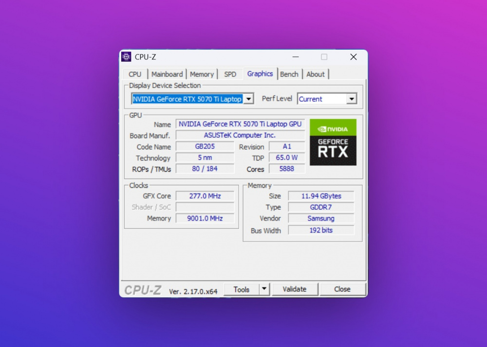 - Видеокарта: NVIDIA GeForce RTX 5070 Ti для ноутбуков, ROG Boost: 1565 МГц при 140 Вт (1515 МГц Boost + 50 МГц OC, 115 Вт + 25 Вт Dynamic Boost), 12 ГБ GDDR7
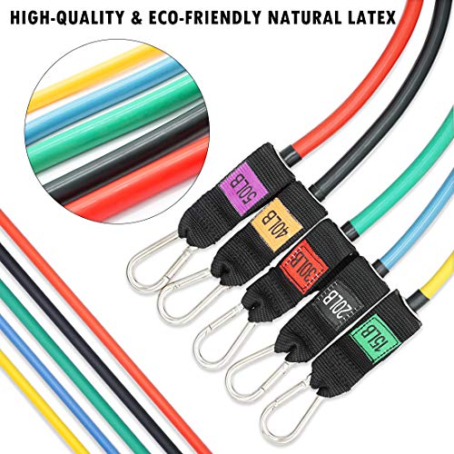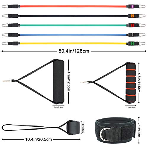 Material: Both of the training tube set and resistance loop bands are made of Eco-friendly NATURAL LATEX (instead of tpe), which is known for its impressive durability and resilience. High strength metal buckle, thicker ankle traps and cloth connector, non-slip comfortable handle and firm door anchor. With its sturdy build and expert craftsmanship, you can use these exercise bands for several years.
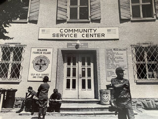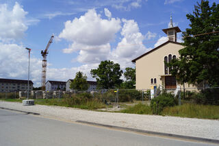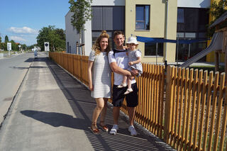 Matthias und Miriam Schüler mit ihrer kleinen Tochter Matilda vor dem Kindergarten, der genau gegenüber ihres Zuhauses liegt.
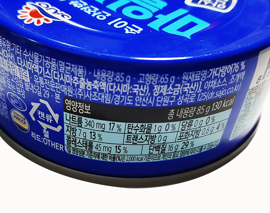 또한 동원이 (85g 살코기 기준 : 동원 180kcal , 사조 210kcal) 사조보다 칼로리가 낮은 편이기도 하다.
=======
## Goal of the exercise
Begin at the first line of the data above and repeat each line exactly, stopping after the line containing "Matthias und Miriam". Omit the pictures.

## Exercise solution
 - Видеокарта: NVIDIA GeForce RTX 5070 Ti для ноутбуков, ROG Boost: 1565 МГц при 140 Вт (1515 МГц Boost + 50 МГц OC, 115 Вт + 25 Вт Dynamic Boost), 12 ГБ GDDR7
 Material: Both of the training tube set and resistance loop bands are made of Eco-friendly NATURAL LATEX (instead of tpe), which is known for its impressive durability and resilience. High strength metal buckle, thicker ankle traps and cloth connector, non-slip comfortable handle and firm door anchor. With its sturdy build and expert craftsmanship, you can use these exercise bands for several years.
 Matthias und Miriam Schüler mit ihrer kleinen Tochter Matilda vor dem Kindergarten, der genau gegenüber ihres Zuhauses liegt.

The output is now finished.